-- TASK INPUTS follows --

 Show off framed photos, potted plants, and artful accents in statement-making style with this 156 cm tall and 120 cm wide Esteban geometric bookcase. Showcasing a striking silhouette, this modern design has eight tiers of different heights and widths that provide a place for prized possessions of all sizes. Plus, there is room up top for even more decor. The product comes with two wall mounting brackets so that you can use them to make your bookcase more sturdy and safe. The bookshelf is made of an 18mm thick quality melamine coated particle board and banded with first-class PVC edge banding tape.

-- TASK INPUTS concluded --
-- TASK INPUTS follows --

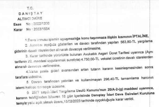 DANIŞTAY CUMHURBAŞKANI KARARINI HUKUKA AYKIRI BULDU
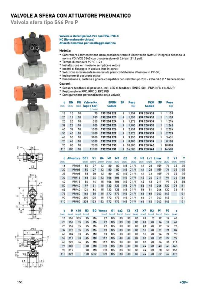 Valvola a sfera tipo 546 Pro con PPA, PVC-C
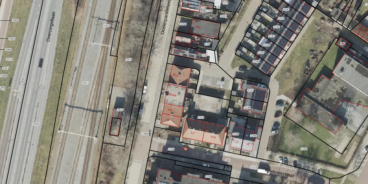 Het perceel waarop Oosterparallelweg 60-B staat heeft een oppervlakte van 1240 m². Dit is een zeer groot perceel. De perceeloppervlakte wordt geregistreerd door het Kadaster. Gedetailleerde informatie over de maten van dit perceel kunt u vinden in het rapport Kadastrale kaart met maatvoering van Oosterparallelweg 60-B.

-- TASK INPUTS concluded --

TASK: Copy out the listing above from the line containing "DANIŞTAY CUMHURBAŞKANI KARARINI" to the line containing "Het perceel waarop", both included, exactly as written and minus the images.

TASK OUTPUT:
 DANIŞTAY CUMHURBAŞKANI KARARINI HUKUKA AYKIRI BULDU
 Valvola a sfera tipo 546 Pro con PPA, PVC-C
 Het perceel waarop Oosterparallelweg 60-B staat heeft een oppervlakte van 1240 m². Dit is een zeer groot perceel. De perceeloppervlakte wordt geregistreerd door het Kadaster. Gedetailleerde informatie over de maten van dit perceel kunt u vinden in het rapport Kadastrale kaart met maatvoering van Oosterparallelweg 60-B.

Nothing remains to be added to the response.